WHAT IS EXPECTED
Taking the line with "かすりのかかった伸びやかな筆" as the first and the line with "a close eye" as the last, set down the lines below exactly, pictures excluded.

DATA FOR PROCESSING
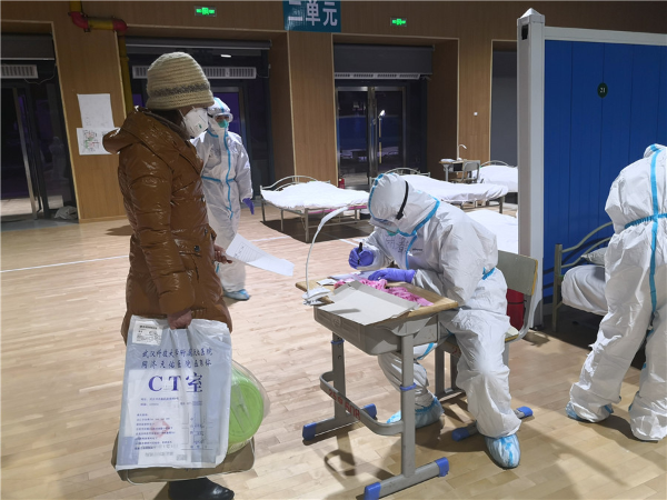 A patient infected with the novel coronavirus registers at the newly opened mobile cabin hospital in Wuhan on Wednesday. [Photo provided to chinadaily.com.cn]
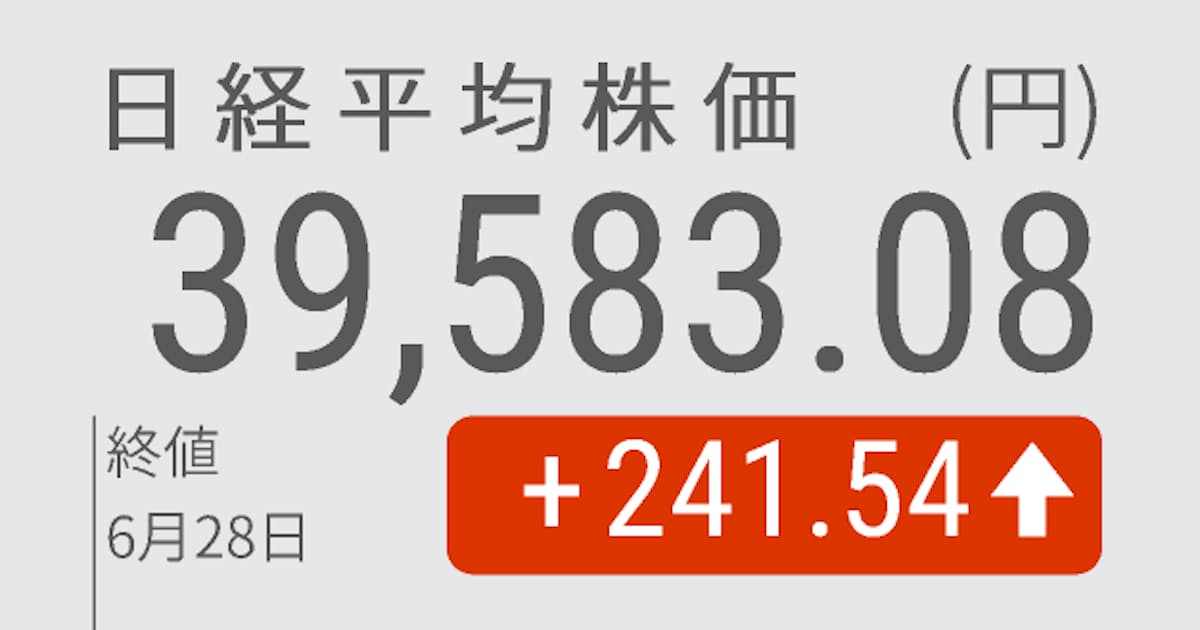 28日の東京株式市場で日経平均株価は反発し、終値は前日比241円54銭(0.61%)高の3万9583円08銭だった。前日の米株式相場の上昇や、外国為替市場で円安が対ドルで一段と進行したのが支えになった。期末とあって国内機関投資家などから持ち高整理の売りも出やすかったが、国内長期金利の上昇圧力を受けた割安株物色も活発になるなかで、買いが優勢だった。
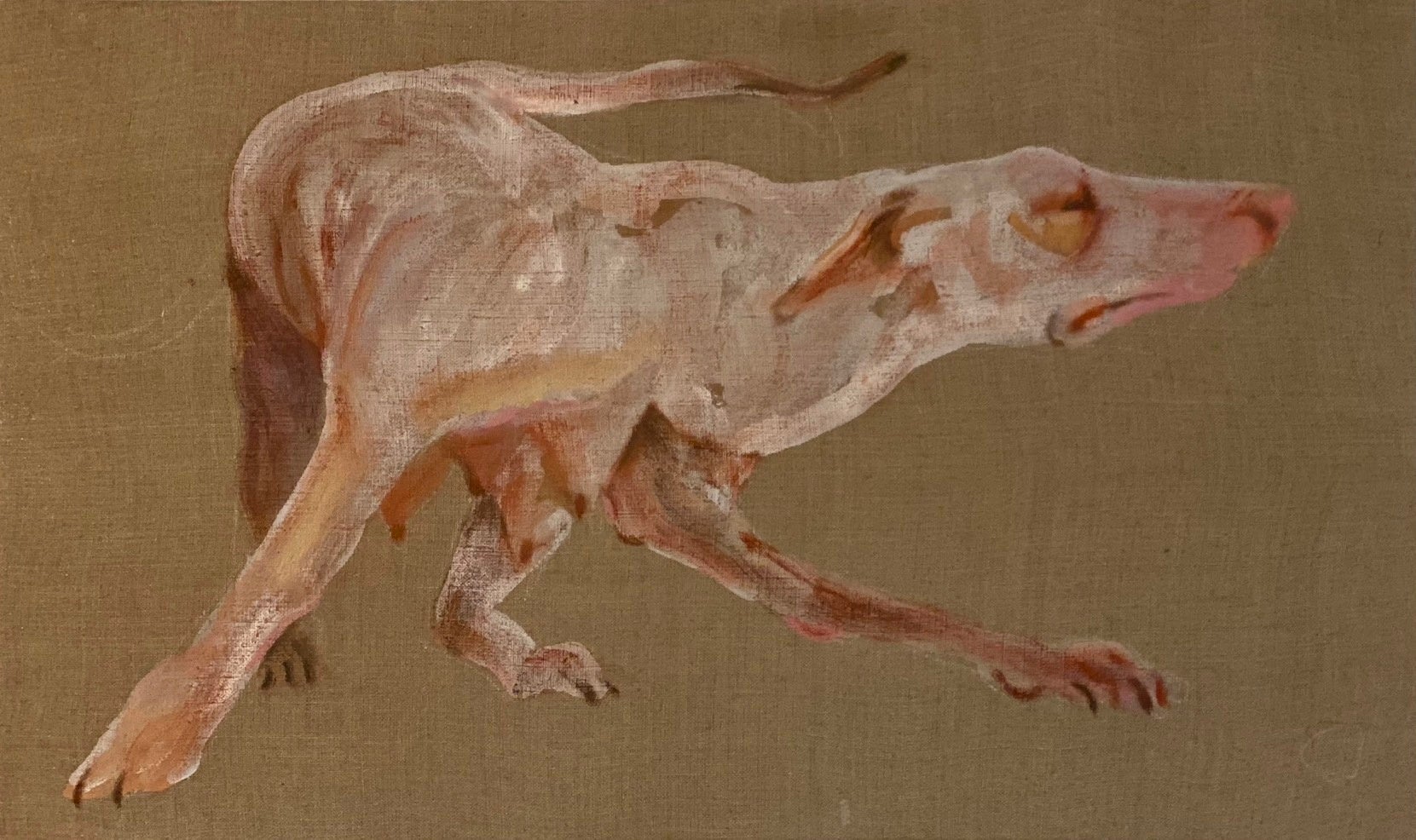 かすりのかかった伸びやかな筆致のストロークが、画面に動的な流れを生み出しています。重要なモチーフである犬は、大胆な構図で配置され、圧倒的な存在感と生命力を放っています。哲学的なテーマを扱いながらもユーモアさえ感じさせる生き生きとしたエネルギーに満ちています。
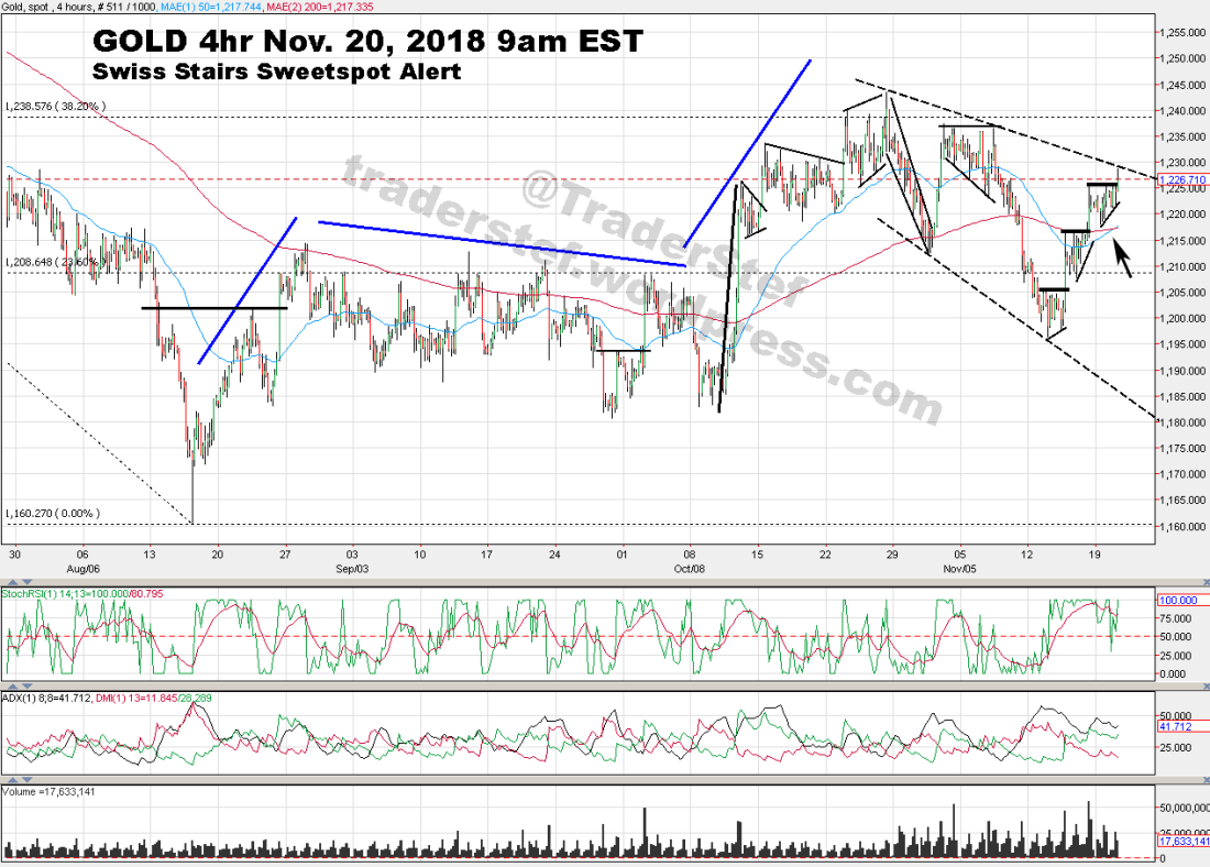 “Keep a close eye on the price action of gold at the current confluence of indicators. A Swiss Stair pattern is building, the 50 EMA is set to cross back over the 200 EMA for a continuation of a Golden Cross, and the dashed topside trendline is being challenged this morning. A potential sweetspot entry lurks just ahead.”
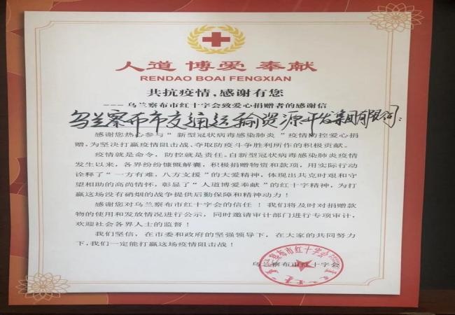 疫情阻隔了空間的距離,卻阻擋不了愛心的匯聚,8月10日,烏蘭察布市交通運輸資源開發(fā)集團有限公司積極履行社會責任,勇伸援助之手,發(fā)動全集團7家公司、9個建管辦、37家參建單位募捐,累計捐款102810元,用實際行動支援疫情防控第一線,奏響“戰(zhàn)疫”同心樂章。
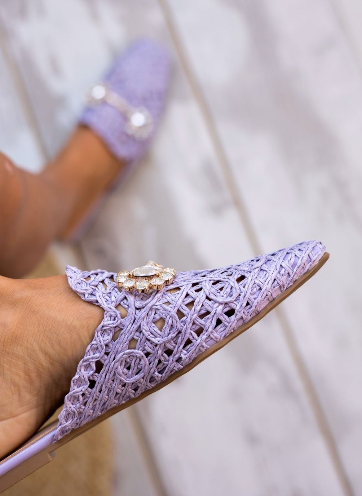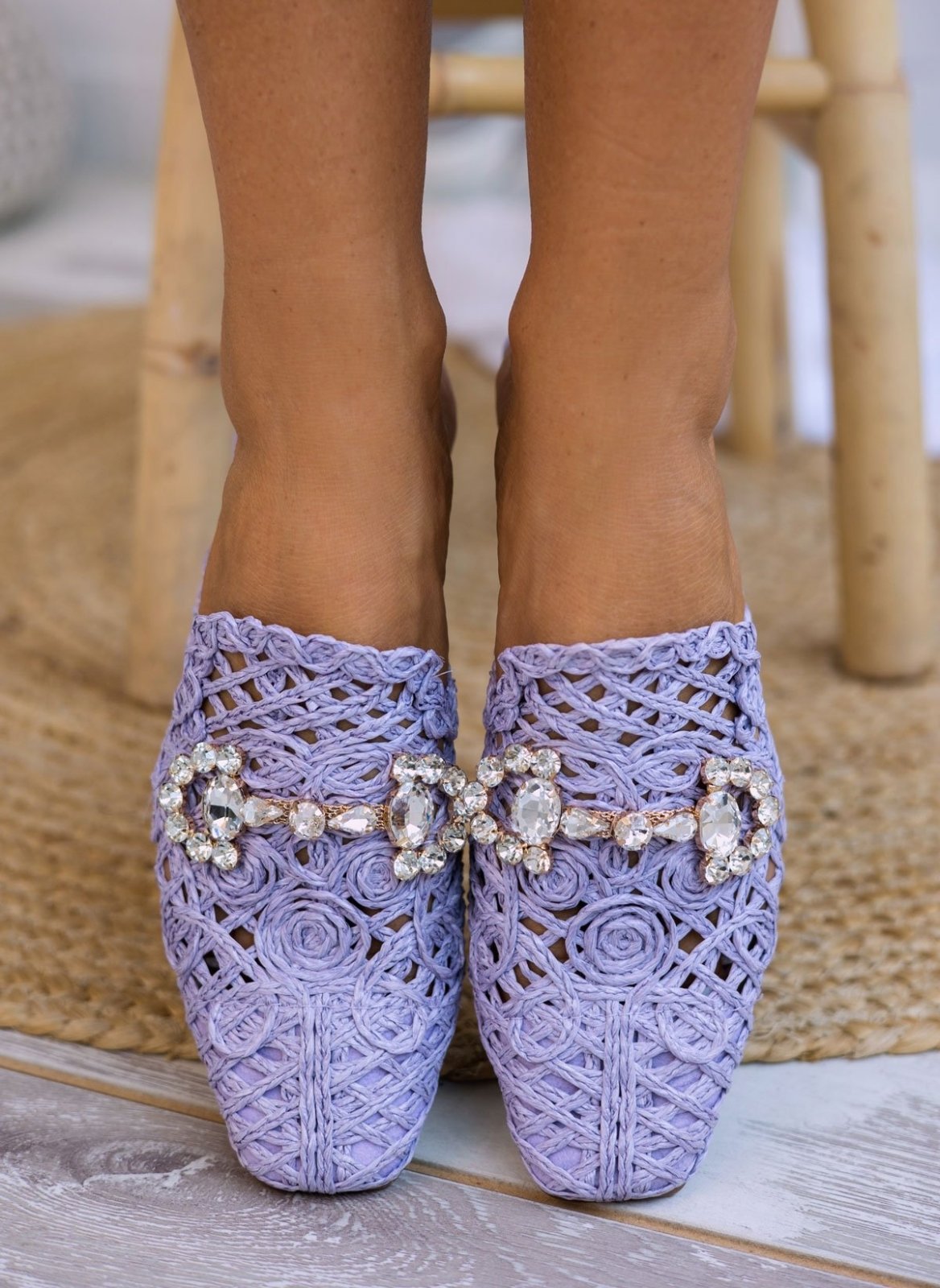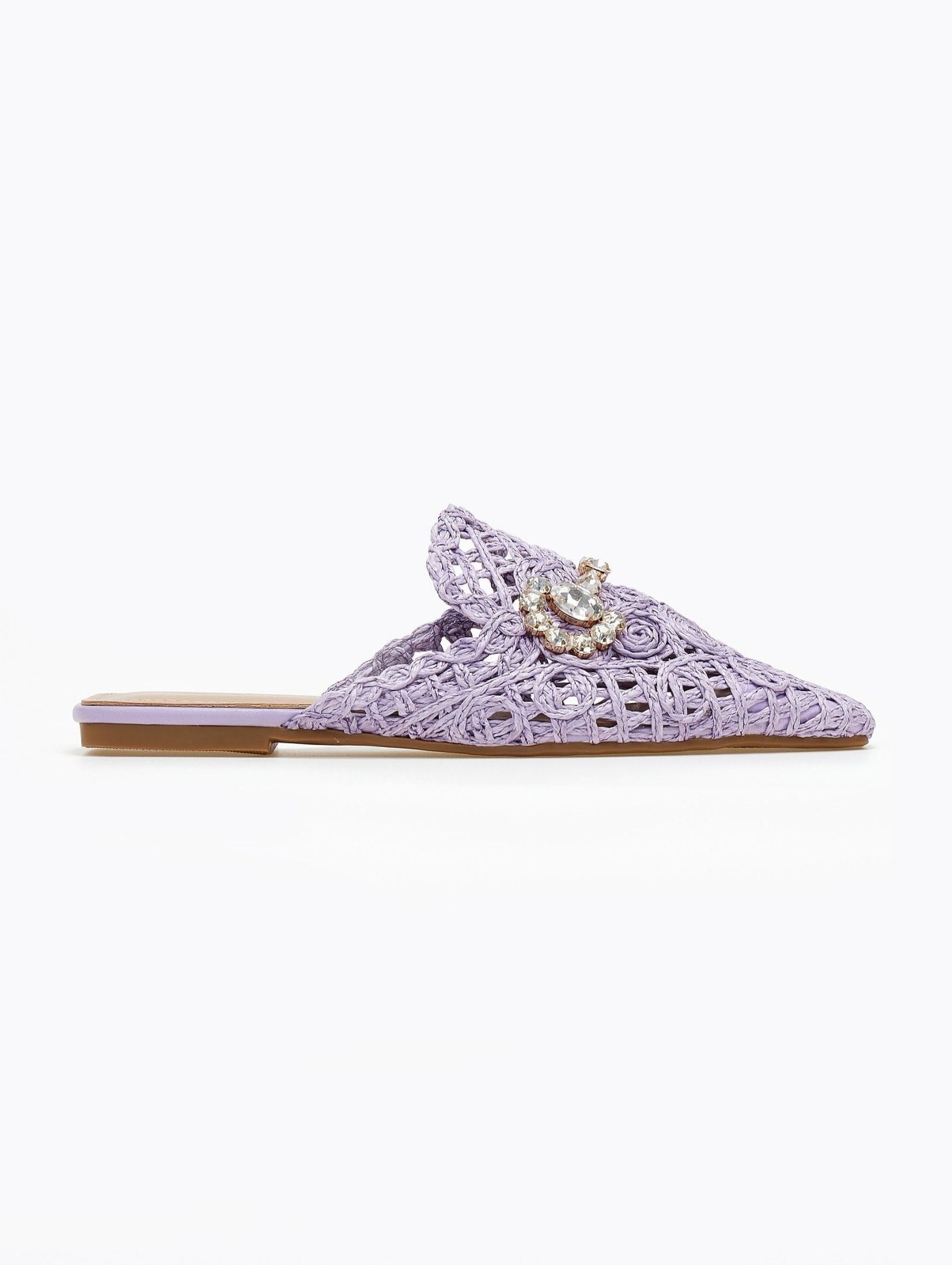 Mules χαμηλά με πλεκτό διάτρητο σχέδιο από ψάθα. έχει διακοσμητικό στοιχείο με πέτρες. Καρέ γραμμή. Λάστιχο στη σόλα.

RESPONSE FOR THIS EXERCISE
 かすりのかかった伸びやかな筆致のストロークが、画面に動的な流れを生み出しています。重要なモチーフである犬は、大胆な構図で配置され、圧倒的な存在感と生命力を放っています。哲学的なテーマを扱いながらもユーモアさえ感じさせる生き生きとしたエネルギーに満ちています。
 “Keep a close eye on the price action of gold at the current confluence of indicators. A Swiss Stair pattern is building, the 50 EMA is set to cross back over the 200 EMA for a continuation of a Golden Cross, and the dashed topside trendline is being challenged this morning. A potential sweetspot entry lurks just ahead.”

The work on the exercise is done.